Need a Job? I Have One – a women owned business

Women Owned BusinessI spent the last couple of days in Boca Raton, Florida with some of the most amazing people that I have ever met. I am not one to go to a conference for women or women business owners but I needed to get inspired. I know the economy is bad. We hear it every day and that sucks. But, you know what, our business is growing and we are grateful. A trip to South Florida was fine with me and I got more inspiration than I expected.

Count Me In is an organization whose mission is to promote economic independence and the growth of women-owned businesses. Do you know how I found out about them? I was going through a stack of catalogs deciding which ones to read and which ones to recycle and I saw the Costco Connection. Now I love Costco. I just do. I saw Theresa Alfaro Daytner, owner of Daytner Construction Group on the cover. I read the article and you can read it too. .

 I signed up for the 3-day event. What the heck.

I had the privilege of meeting Nell Merlino, the creator of Take our Daughters to Work Day, author of “Stepping Out of Line”, and the leader of The Count me In Women’s organization (That’s her in the picture with me)

I want to focus on one of the many outstanding things that Nell said. And, I am taking liberty in paraphrasing. The biggest issue in the United States today is the unemployment rate. What is wrong with the country is that people are not working. Fear is stalling growth.

Even the female business owners in this conference were hesitant to hire employees, which means as the leaders of our companies we are taking on more and more work. I looked this up and it’s real according to The Bureau of Labor Statistics released September 23, 2009: The national unemployment rate was 9.7 percent in August 2009, seasonally adjusted, up from 9.4 per-cent the prior month and up from 6.2 percent a year earlier. Yep, that means 1 out of ten people in the United States are out of work.

She went on to talk about this being a very tough year. And, I agree, and it does seem like everyone is waiting for someone to fix this or the government will throw enough of our money at it to make an impact. Then she said something amazing. I wrote it down. “What if we could?” And, I thought what if we could what, Nell? Are you actually suggesting that the 100 female small business owners in this room fix the economy? Really.

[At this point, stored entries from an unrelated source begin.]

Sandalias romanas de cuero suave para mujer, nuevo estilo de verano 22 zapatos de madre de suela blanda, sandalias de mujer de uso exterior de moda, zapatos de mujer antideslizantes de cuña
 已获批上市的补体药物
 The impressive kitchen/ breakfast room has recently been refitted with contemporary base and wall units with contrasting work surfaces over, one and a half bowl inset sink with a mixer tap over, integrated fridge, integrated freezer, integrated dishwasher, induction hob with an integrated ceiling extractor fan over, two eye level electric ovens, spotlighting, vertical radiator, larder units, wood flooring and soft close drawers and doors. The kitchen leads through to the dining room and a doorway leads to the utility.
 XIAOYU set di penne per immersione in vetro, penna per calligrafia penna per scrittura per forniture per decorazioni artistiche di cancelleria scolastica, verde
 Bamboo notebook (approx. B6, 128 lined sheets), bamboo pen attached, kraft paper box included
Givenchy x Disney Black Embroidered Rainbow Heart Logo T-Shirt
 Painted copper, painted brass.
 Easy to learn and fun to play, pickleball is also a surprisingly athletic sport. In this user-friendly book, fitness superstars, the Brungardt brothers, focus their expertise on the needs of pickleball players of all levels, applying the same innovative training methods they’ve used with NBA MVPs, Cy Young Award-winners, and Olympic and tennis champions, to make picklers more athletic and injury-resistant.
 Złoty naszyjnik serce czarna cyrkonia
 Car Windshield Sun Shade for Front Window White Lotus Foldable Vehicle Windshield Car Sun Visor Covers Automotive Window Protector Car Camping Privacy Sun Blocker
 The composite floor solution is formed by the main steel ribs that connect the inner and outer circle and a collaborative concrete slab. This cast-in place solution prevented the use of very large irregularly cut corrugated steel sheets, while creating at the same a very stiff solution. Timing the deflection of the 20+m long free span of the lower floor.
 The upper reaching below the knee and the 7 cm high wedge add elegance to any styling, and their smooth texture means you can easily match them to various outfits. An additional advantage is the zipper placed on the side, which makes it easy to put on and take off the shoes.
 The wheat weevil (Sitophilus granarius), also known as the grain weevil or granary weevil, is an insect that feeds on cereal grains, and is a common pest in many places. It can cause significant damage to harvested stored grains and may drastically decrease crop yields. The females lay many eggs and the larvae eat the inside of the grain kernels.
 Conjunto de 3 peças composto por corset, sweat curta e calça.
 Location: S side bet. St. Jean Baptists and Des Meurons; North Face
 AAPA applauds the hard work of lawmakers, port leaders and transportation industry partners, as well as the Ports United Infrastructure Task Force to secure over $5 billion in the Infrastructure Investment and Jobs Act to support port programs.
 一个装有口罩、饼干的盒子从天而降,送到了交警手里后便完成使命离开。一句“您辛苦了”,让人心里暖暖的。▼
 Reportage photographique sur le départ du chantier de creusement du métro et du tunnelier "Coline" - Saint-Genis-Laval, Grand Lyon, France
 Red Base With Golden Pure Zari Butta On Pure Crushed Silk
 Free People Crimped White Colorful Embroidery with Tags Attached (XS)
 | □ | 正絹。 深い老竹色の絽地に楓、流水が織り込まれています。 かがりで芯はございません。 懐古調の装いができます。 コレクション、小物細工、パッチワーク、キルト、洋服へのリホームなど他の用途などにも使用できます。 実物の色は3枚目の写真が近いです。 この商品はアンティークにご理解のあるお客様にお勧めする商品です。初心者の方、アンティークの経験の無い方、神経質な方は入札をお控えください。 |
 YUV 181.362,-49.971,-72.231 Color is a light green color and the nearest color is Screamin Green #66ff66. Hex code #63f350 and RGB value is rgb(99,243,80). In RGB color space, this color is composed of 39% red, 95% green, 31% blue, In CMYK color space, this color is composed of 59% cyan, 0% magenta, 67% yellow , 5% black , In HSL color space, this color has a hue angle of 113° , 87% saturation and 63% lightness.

She told a story about women and war. No, not about a cultural icon, Rosie the Riveter – we have all heard it; she talked about how during World War I, even though very few women worked outside the home they took the place of the men who had gone off to war and worked in factories and on the farms. Teddy Roosevelt even provided uniforms with pants (very few women wore pants back then) and women ended the food riots by harvesting the crops and planting Victory Gardens. Women in the U.S. and Britain brought in the crops (see Farmettes and Land Girls).

Women get it done when the chips are down.

Back to “What if we could?” She said, “What if everyone in this room hired one person when they got back to their business?” It’s about personal responsibility and accountability and the belief that the show goes on (according to me) and again, I think she is right. That would put 100 people to work and the family, community, and economic impact of that does matter. There is a ripple effect. However, is it significant? Well, there are millions of female and minority-owned businesses and if everyone hired one person we would put millions of people back to work. Yes, it is significant.

· 10.5 million businesses are owned by women in the United States*
· Women-owned businesses employ approximately 27 million people
· Women own 48% of all businesses in the United States
· Women business owners contribute more than $3.6 trillion to the marketplace each year
· Women account for more than 70% of consumer spending
· 55% of women provide half or more of their household’s income, yet 48 million women — that is 80% of all women in the workforce — earn less than $25,000 a year**

*” Stepping out of Line” and **Facts from “The National Foundation for Women Business Owners”

What if every corporation or business regardless of the gender of the owner (who cares!) added one employee this month or next month? Why wait for our government to get it right? Why not do what we do and get down to business. Every woman that I met this past week was a woman that meant business. And, many of these women run multi-million dollar businesses.

One of my favorite comments of the day was from one of the few men in attendance. An executive from Office Depot (a sponsor of Count Me In and the wonderful folks at Office Depot are the topic of my next Blog) had supported, attended and listened to the comments from women for 3 days. And, he said, “If the women in this room are representative of other businesses run by women then I feel comfortable in saying we’re good. The U.S. is good.” Everyone applauded because he is right. We are good. We are an amazing country with people that have a can-do attitude. Turn off CNN (Constant Negative News) before you spiral into depression and think about what you can do to chip in.

I am proud that Mindspot Inc, is a state of Florida certified Female/Minority-owned business enterprise and I am proud to belong to Count Me In, an outstanding organization that helps women build their lives and their business.